▶ _REQUIRED WORK_: The answer is to be the lines below that lie between the line holding "LG전자는 지난 16일(현지" and the line holding "Dette skønne feriehus", inclusive, transcribed exactly and free of pictures.

▶ _MATERIAL PROVIDED_:
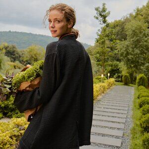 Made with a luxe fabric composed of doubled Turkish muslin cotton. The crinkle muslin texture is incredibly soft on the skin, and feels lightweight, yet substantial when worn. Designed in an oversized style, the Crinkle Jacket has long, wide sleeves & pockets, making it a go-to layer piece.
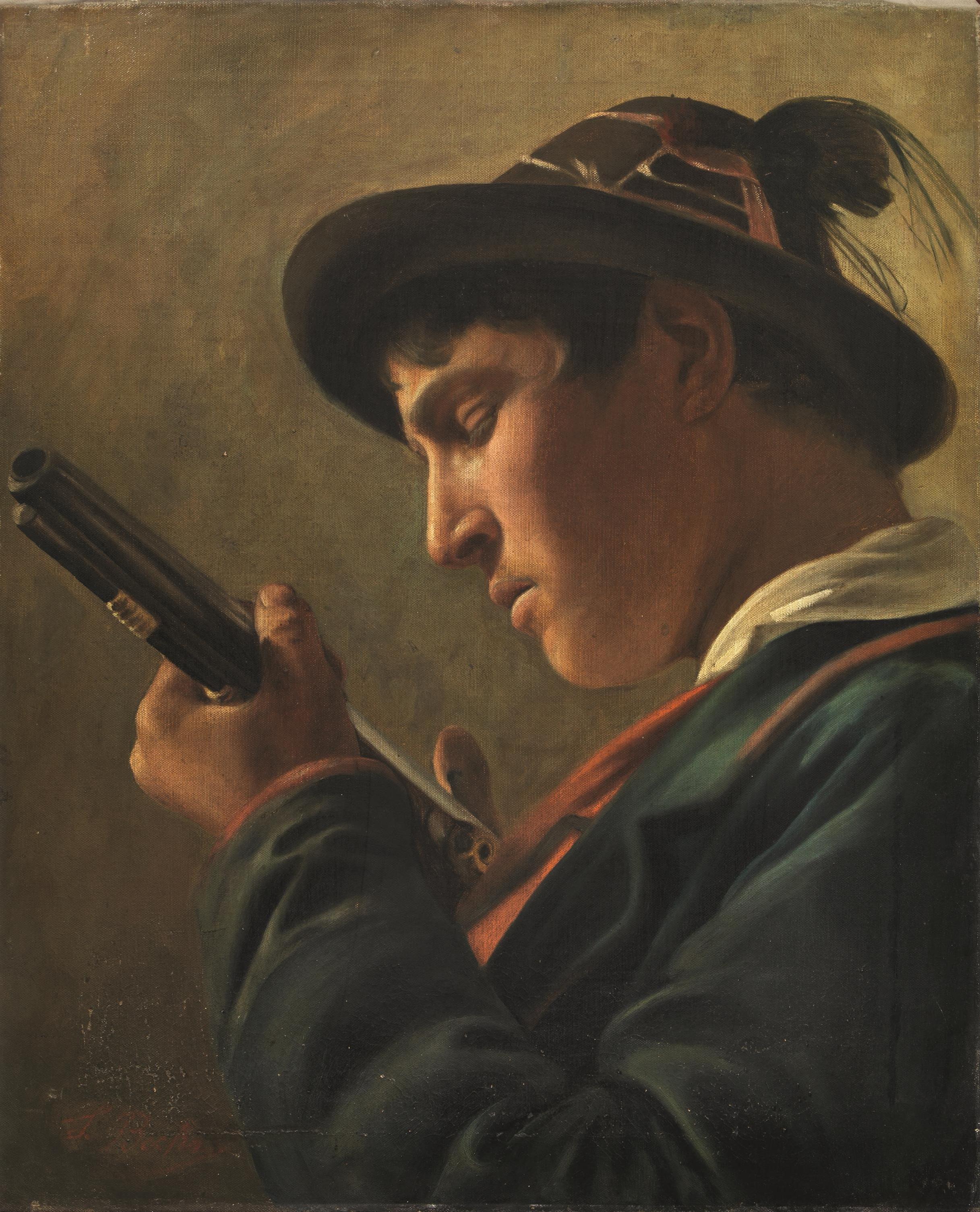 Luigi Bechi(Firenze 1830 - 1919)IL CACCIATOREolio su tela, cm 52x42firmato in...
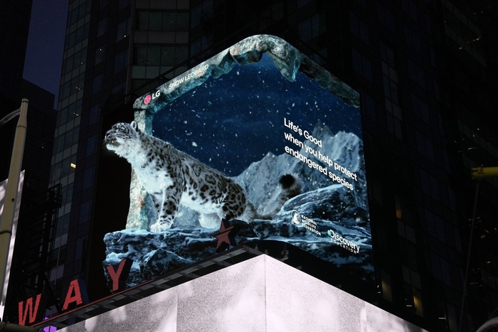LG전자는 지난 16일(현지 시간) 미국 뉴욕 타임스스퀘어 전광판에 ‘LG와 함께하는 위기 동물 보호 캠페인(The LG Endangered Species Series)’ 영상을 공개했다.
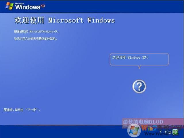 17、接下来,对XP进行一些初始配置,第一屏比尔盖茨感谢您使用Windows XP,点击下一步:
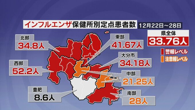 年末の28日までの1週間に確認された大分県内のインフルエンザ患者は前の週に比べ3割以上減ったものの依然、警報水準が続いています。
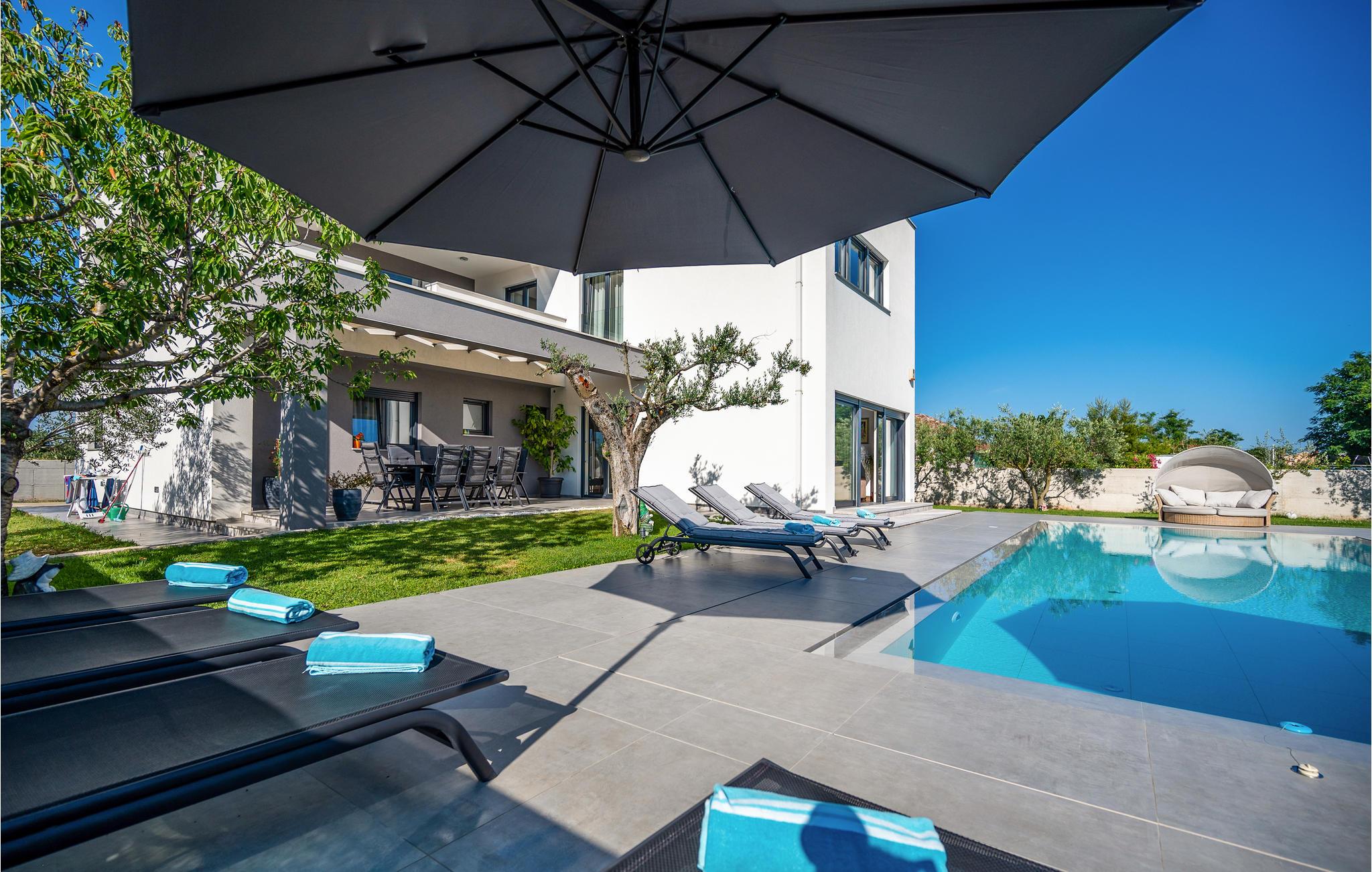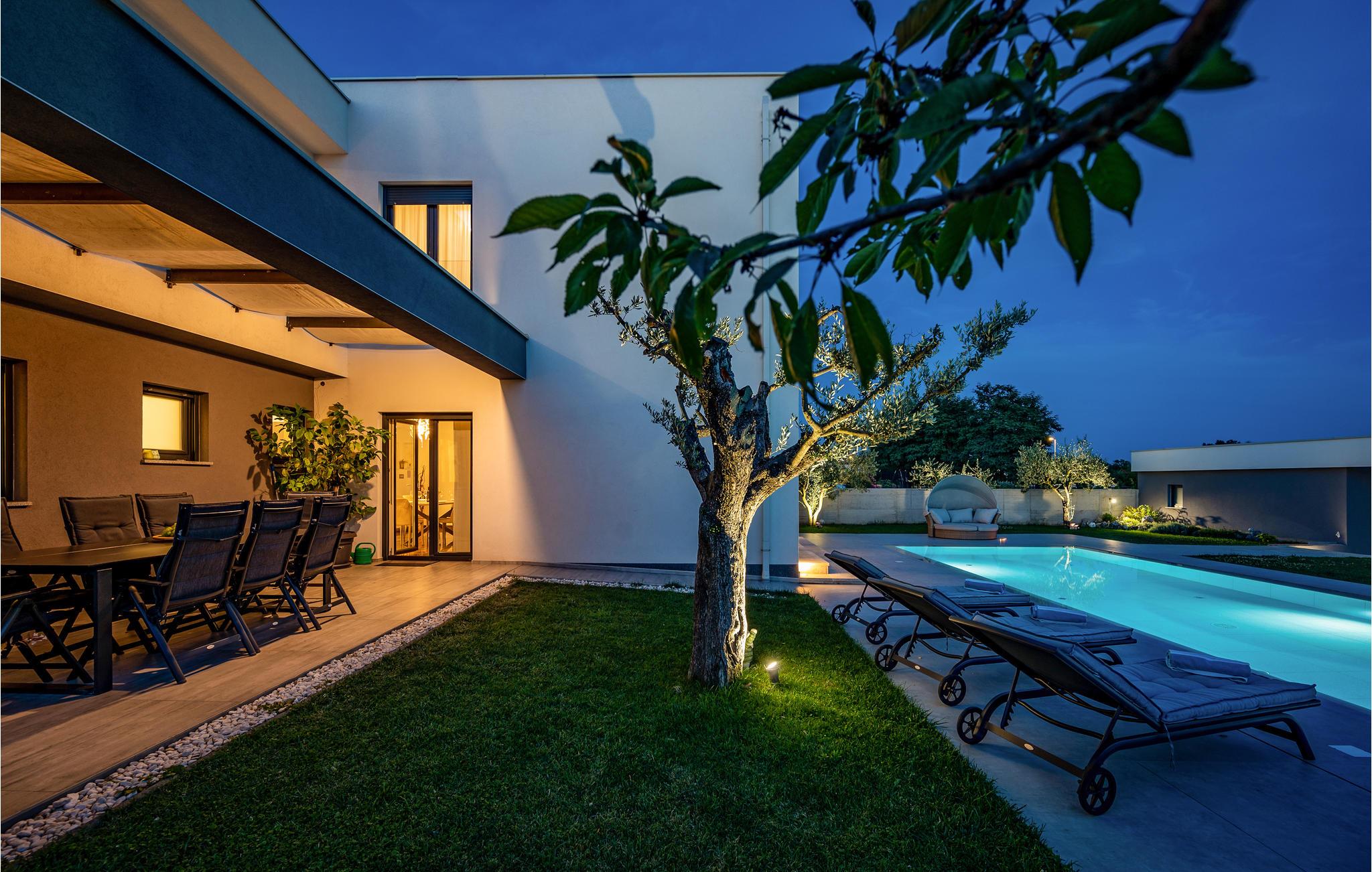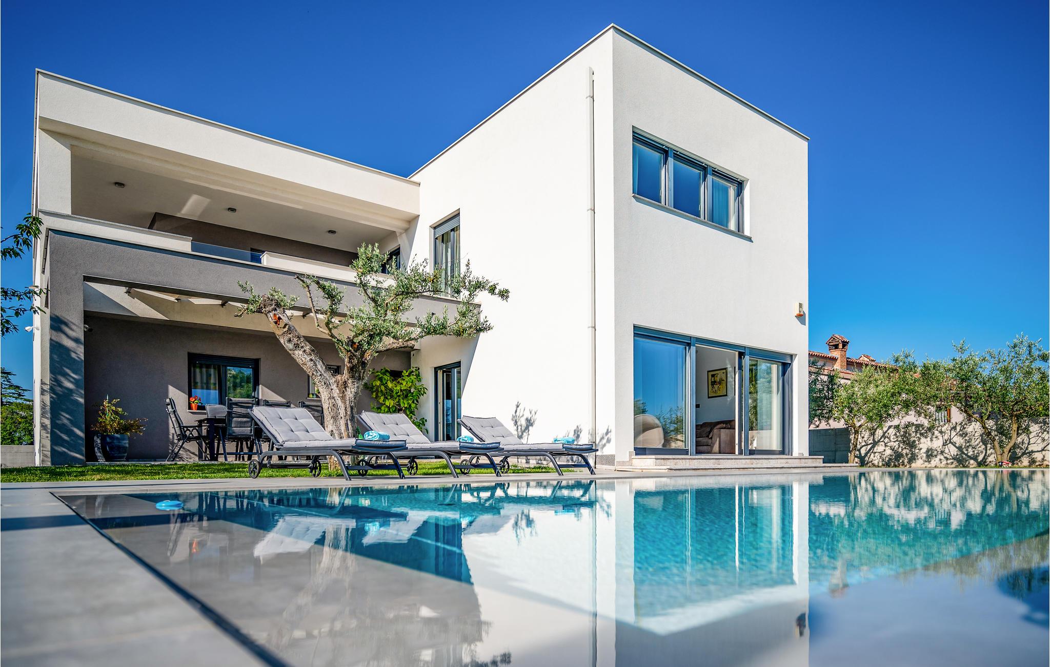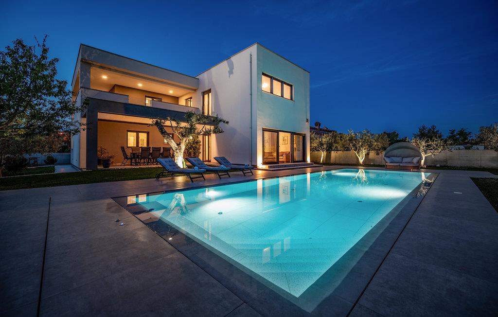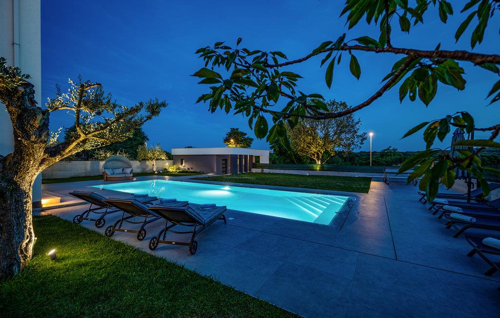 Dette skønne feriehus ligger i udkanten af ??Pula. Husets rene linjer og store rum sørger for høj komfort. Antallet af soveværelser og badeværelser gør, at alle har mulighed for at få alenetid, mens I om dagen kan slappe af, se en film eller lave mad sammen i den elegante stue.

--

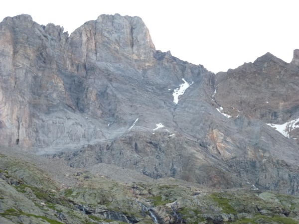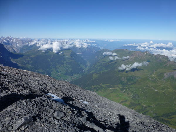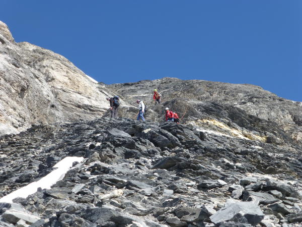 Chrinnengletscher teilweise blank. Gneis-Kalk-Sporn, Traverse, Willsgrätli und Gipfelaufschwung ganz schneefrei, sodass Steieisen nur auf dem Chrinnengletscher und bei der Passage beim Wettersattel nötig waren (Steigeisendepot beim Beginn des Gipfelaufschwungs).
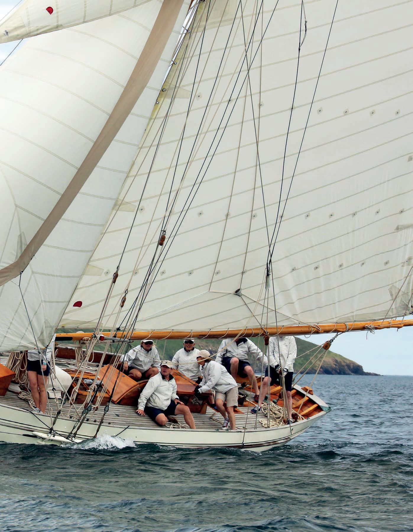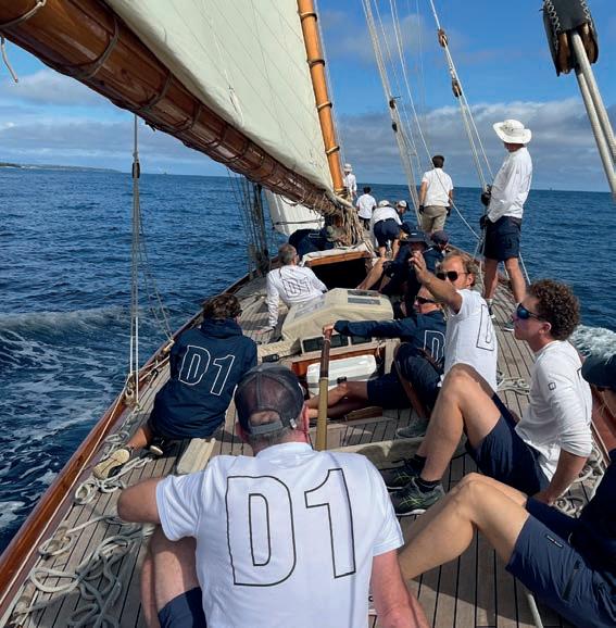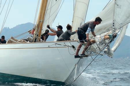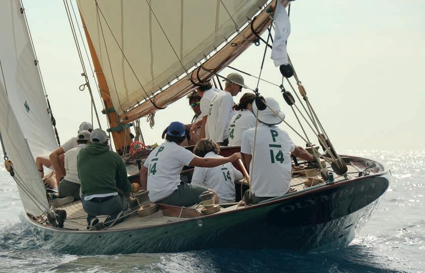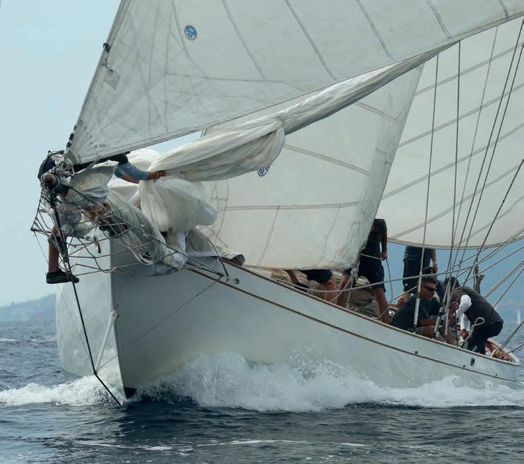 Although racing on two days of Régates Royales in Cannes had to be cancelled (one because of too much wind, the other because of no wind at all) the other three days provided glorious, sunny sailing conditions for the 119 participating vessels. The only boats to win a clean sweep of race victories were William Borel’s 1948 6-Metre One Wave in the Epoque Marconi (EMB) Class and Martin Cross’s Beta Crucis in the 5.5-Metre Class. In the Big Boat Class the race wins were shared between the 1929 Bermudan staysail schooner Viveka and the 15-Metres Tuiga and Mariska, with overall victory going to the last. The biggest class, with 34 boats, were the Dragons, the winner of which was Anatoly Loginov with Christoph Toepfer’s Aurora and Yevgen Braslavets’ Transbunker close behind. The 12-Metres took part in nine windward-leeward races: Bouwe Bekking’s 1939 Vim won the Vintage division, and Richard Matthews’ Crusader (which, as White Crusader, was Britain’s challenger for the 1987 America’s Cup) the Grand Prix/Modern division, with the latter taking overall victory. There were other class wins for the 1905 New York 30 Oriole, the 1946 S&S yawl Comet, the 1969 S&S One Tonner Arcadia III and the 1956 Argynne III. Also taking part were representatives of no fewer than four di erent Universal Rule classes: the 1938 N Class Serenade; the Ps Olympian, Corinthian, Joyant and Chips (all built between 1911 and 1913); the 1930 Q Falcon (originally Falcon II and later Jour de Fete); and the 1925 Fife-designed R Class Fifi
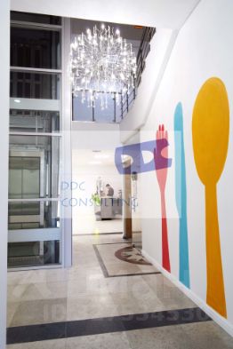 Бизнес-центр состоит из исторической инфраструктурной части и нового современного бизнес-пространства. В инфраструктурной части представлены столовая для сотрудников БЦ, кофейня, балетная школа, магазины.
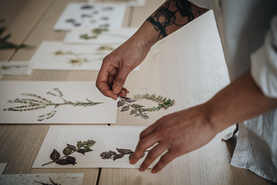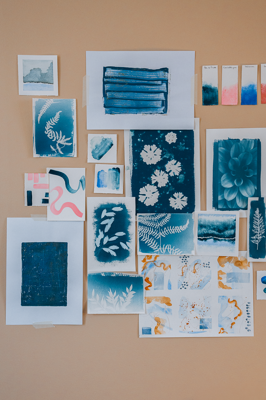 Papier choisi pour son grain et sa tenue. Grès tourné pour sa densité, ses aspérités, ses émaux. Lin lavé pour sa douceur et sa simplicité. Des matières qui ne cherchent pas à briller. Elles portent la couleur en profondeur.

--

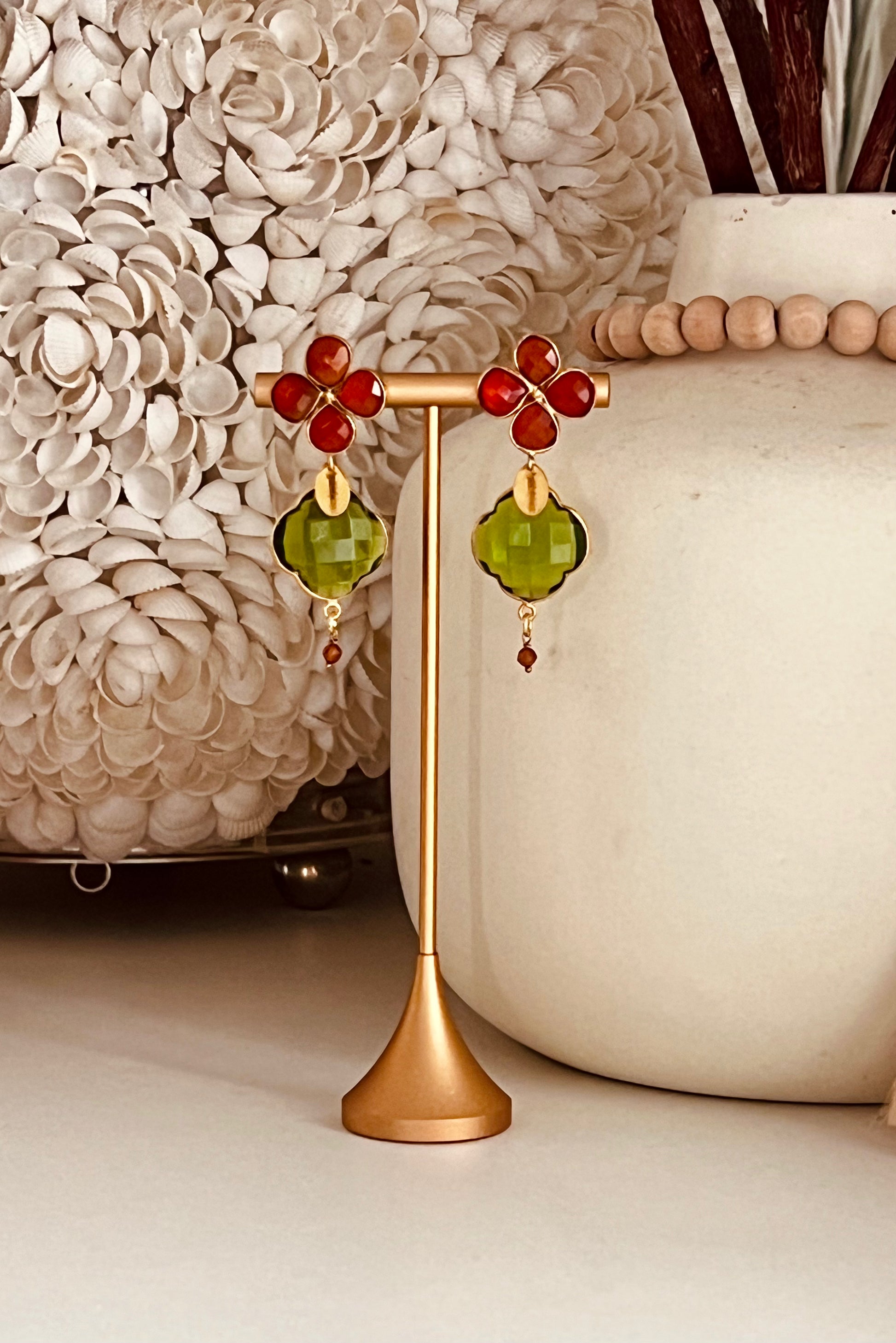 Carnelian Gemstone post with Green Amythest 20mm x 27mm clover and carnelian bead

▶ _TASK ANSWER_:
LG전자는 지난 16일(현지 시간) 미국 뉴욕 타임스스퀘어 전광판에 ‘LG와 함께하는 위기 동물 보호 캠페인(The LG Endangered Species Series)’ 영상을 공개했다.
 17、接下来,对XP进行一些初始配置,第一屏比尔盖茨感谢您使用Windows XP,点击下一步:
 年末の28日までの1週間に確認された大分県内のインフルエンザ患者は前の週に比べ3割以上減ったものの依然、警報水準が続いています。
 Dette skønne feriehus ligger i udkanten af ??Pula. Husets rene linjer og store rum sørger for høj komfort. Antallet af soveværelser og badeværelser gør, at alle har mulighed for at få alenetid, mens I om dagen kan slappe af, se en film eller lave mad sammen i den elegante stue.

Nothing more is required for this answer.